Na exordial, no que basta relatar, o apelante busca o pagamento de valor consubstanciado em cédula de produto rural não adimplida, totalizando a quantia de R$ 76.859,25.
Por conseguinte, o douto magistrado julgou extinto o feito, com a resolução do mérito, com fulcro nos artigos 206, § 5º, inciso I, do Código Civil, e 487, inciso II, do Código de Processo Civil, reconhecendo o advento da prescrição quinquenal no caso em apreço.
Inconformado, o apelantes alega, de pronto, que o prazo prescricional a ser aplicado no caso não é o previsto no Código Civil de 2002, mas sim o de 1916, em especial nos seus artigos 177 e 179.

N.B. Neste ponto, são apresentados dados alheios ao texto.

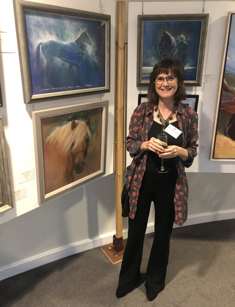 The final task was to submit a portfolio to be judged by existing Full Members when I delivered my paintings for the annual Horse in Art Exhibition last week. And this photograph shows me celebrating the news that I had been accepted, which of course involved a glass of bubbly!

Reclama que a sentença foi silente quando ao Código anterior, que entende ser o aplicável, bem como em relação às regras de transição nele previstas, o que, garante, teria ofendido os constitucionais valores da boa-fé, da segurança jurídica, da razoabilidade e da proporcionalidade.
Menciona o artigo 2.028, do CC, que diz que os prazos devem ser os da lei anterior, quando reduzidos pelo então novo códex, e se, na data de sua entrada em vigor, já houvesse transcorrido mais da metade do tempo estabelecido na lei revogada.
Por fim, diz que o STJ já consolidou o entendimento de que a prescrição da ação de revisão, cumulada com repetição de indébito, de contrato de financiamento bancário, instrumentalizado por cédula de crédito rural, obedece os prazos previstos no art. 177 do Código Civil de 1916 e no art. 205 do Código Civil de 2002, respeitada a norma de transição do artigo 2.028 deste último diploma legal
Requer, por fim, o provimento do recurso, para que seja reformada a sentença atacada, julgando-se, via de consequência, procedente a ação.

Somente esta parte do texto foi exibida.